--- DATA ---
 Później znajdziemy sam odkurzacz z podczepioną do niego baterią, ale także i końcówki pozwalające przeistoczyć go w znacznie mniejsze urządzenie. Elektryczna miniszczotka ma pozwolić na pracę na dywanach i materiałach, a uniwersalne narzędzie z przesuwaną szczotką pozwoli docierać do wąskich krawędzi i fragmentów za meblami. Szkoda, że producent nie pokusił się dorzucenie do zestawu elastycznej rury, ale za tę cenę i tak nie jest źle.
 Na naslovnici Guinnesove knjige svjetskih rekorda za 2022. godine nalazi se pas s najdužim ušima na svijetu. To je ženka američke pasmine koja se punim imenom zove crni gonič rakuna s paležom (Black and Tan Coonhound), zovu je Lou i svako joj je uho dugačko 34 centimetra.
---
--- DATA ---
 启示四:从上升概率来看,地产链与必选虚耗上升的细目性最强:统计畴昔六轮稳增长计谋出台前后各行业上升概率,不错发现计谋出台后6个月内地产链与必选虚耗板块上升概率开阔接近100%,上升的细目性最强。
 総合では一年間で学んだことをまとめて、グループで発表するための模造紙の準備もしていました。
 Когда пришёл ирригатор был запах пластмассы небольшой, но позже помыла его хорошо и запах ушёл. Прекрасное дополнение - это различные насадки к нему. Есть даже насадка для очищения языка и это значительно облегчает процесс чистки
---
--- DATA ---
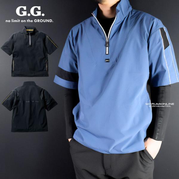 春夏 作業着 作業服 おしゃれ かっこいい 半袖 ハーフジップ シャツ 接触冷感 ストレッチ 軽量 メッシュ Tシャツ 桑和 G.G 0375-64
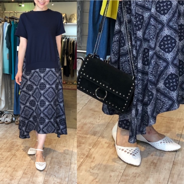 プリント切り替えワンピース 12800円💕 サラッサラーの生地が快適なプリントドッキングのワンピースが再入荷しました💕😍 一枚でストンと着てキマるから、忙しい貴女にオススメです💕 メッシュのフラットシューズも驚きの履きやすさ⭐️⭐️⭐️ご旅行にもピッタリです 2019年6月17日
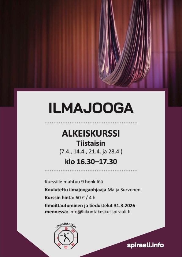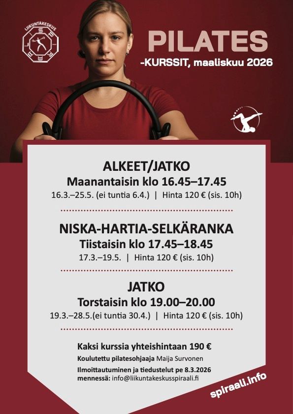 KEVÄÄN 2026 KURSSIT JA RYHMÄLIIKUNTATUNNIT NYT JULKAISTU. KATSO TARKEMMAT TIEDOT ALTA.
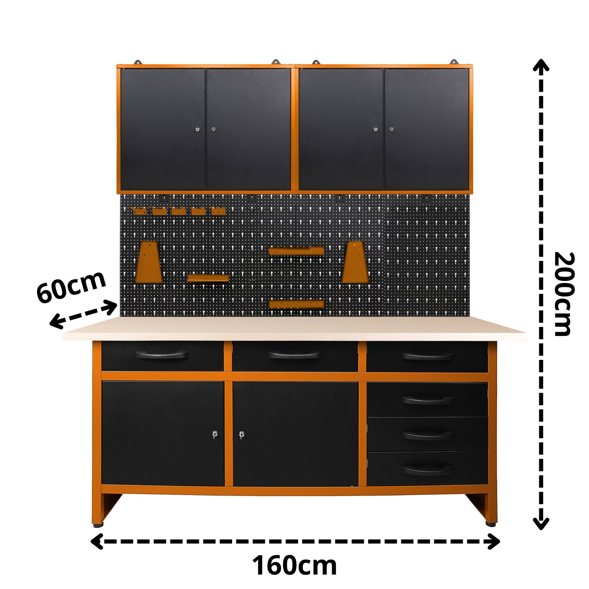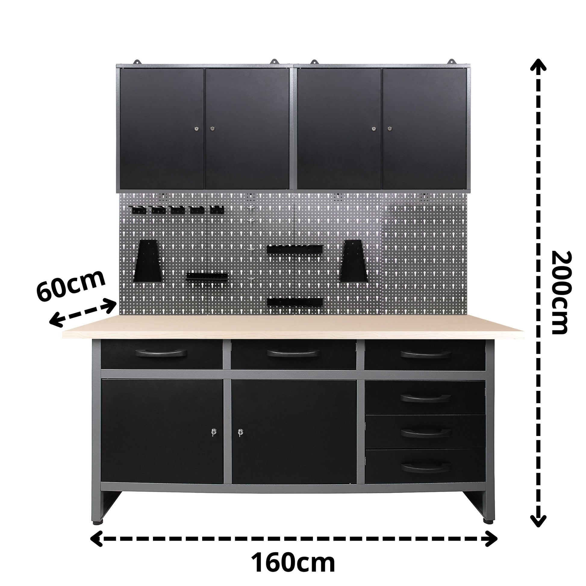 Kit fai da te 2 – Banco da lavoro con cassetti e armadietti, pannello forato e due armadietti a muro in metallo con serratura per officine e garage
---
> TASK DESCRIPTION
Copy only what lies between the line with "KEVÄÄN 2026 KURSSIT" and the line with "Kit fai da te", those two lines included, exactly as given above; pictures stay out.

> WRITTEN REPLY
 KEVÄÄN 2026 KURSSIT JA RYHMÄLIIKUNTATUNNIT NYT JULKAISTU. KATSO TARKEMMAT TIEDOT ALTA.
 Kit fai da te 2 – Banco da lavoro con cassetti e armadietti, pannello forato e due armadietti a muro in metallo con serratura per officine e garage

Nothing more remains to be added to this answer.